Bernard Padoan • 19 septembre 2024
On le sait, depuis la terrible crise énergétique traversée par l’Europe à la suite de l’invasion russe en Ukraine, l’électricité nucléaire a connu un net regain d’intérêt. L’atome est vu comme un vecteur de sécurité d’approvisionnement et d’indépendance énergétique. Plusieurs pays ont remis le nucléaire en tête de leur agenda énergétique. En Europe, une alliance de douze pays, parmi lesquels la France, les Pays-Bas, la Pologne ou encore la République tchèque, s’est fixé comme objectif une puissance installée de 150 GW à l’horizon 2050 dans l’UE – contre 100 actuellement. Et à l’échelle mondiale, c’est un triplement du parc nucléaire mondial qui est promis par certains. En France, le démarrage de l’EPR de Flamanville, après 17 ans de travaux, au lieu des cinq prévus, est vu comme le signe d’un renouveau possible pour la filière qui doit maintenant s’atteler à la construction de six autres réacteurs EPR2.
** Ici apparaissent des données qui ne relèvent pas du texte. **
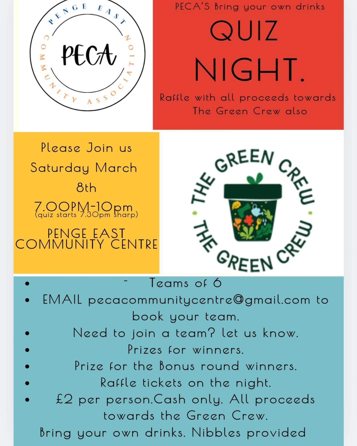 Join PECA on Saturday 8 March 7.00 -10.00pm (quiz starts 7.30pm Sharp) at Penge East Community Centre.
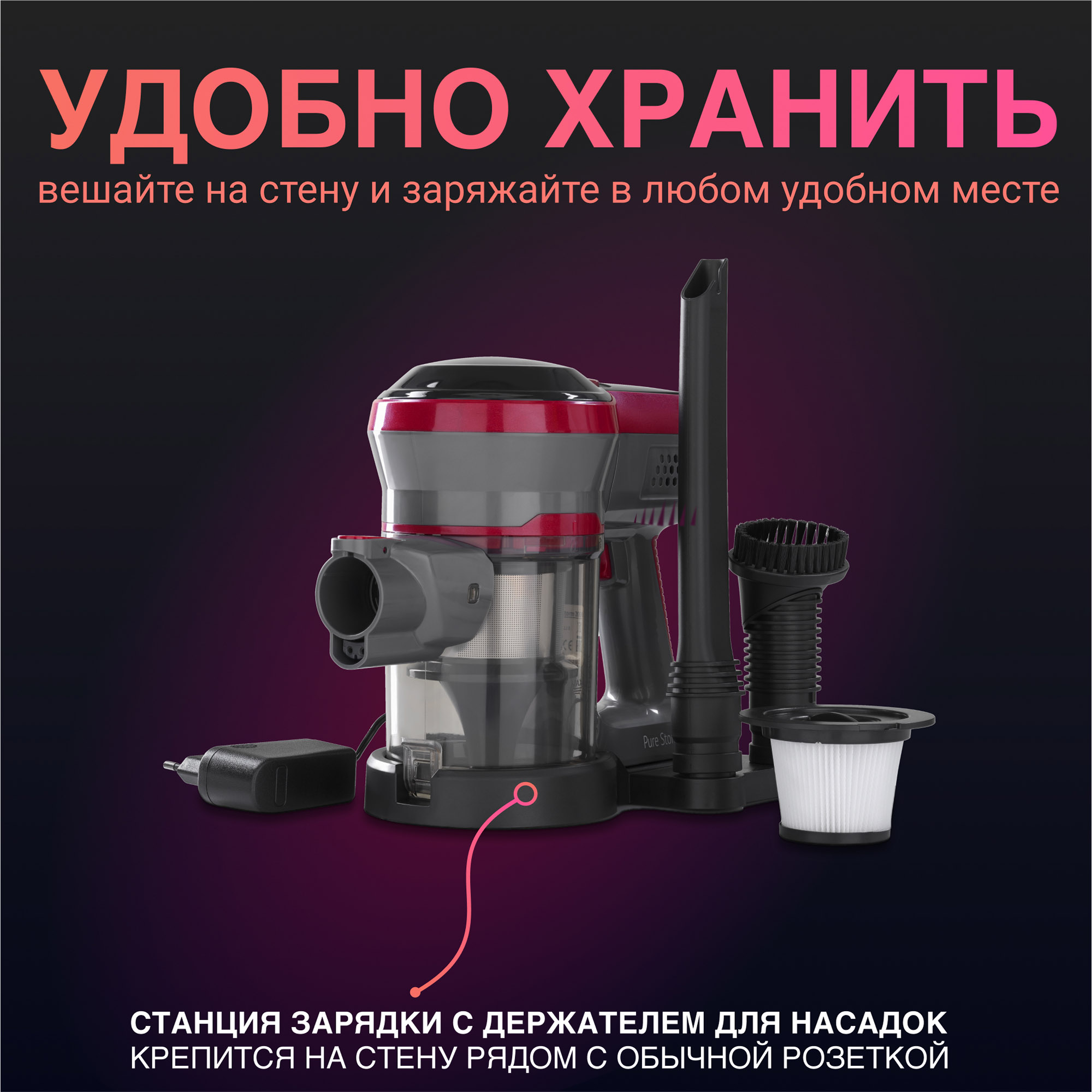 • Pure Storm - беспроводные вертикальные пылесосы 2 в 1 без мешка для сбора пыли с циклонным фильтром.

Mais le chemin à parcourir est encore (très) long. Selon le dernier Rapport sur l’état de l’industrie nucléaire mondiale (WNISR), rédigé chaque année par une quinzaine d’experts dans le secteur de l’énergie sous la direction du consultant indépendant allemand Mycle Schneider, la part du nucléaire dans la production mondiale d’électricité a atteint fin 2023 un étiage à 9,15 %, un niveau qui n’avait plus été vu depuis « quatre décennies », soit le milieu des années 80, et ce en dépit d’une légère progression en termes bruts (+2,2 % à 2.602 TWh). C’est loin du pic de 1996, lorsque l’atome pesait 17,5 % de l’électricité générée sur la planète. Les auteurs du WNISR rappellent que dans le même temps, les énergies renouvelables hors hydroélectricité – soit principalement le solaire et l’éolien – ont vu leur part dans le mix électrique mondial grimper à 15,9 %. On notera qu’en matière de consommation d’énergie primaire – pour la production électrique, mais aussi le transport, le chauffage, l’industrie… – à l’échelle de la planète, tant le nucléaire que les renouvelables, avec des parts de respectivement 4 et 7,5 %, restent encore très loin des sources fossiles (pétrole, charbon et gaz), qui pèsent plus de 75 % du mix.
Hyperactivité chinoise
A la mi 2024, selon le décompte du WNISR, 408 réacteurs nucléaires, totalisant une puissance de 367 GW, étaient en service dans le monde, soit 30 unités de moins que le pic atteint en 2002. Sur le podium des pays les plus nucléarisés, la Chine s’est intercalée depuis quatre ans entre les Etats-Unis et la France. En une vingtaine d’années, Pékin s’est imposé comme un acteur majeur de l’énergie nucléaire. A l’heure actuelle, sur 59 réacteurs en cours de construction, 27 le sont en Chine, souligne le rapport. Sur les deux dernières décennies, c’est l’hyperactivité de cette dernière qui a, en grande partie, permis de maintenir l’équilibre entre mises en services et fermetures de réacteurs. Entre 2004 et 2023, il y a eu 102 démarrages et 104 fermetures dans le monde : sachant que la Chine a mis en service 49 réacteurs et n’en a éteint aucun, cela veut dire que le solde net pour le reste de la planète est de – 51 unités.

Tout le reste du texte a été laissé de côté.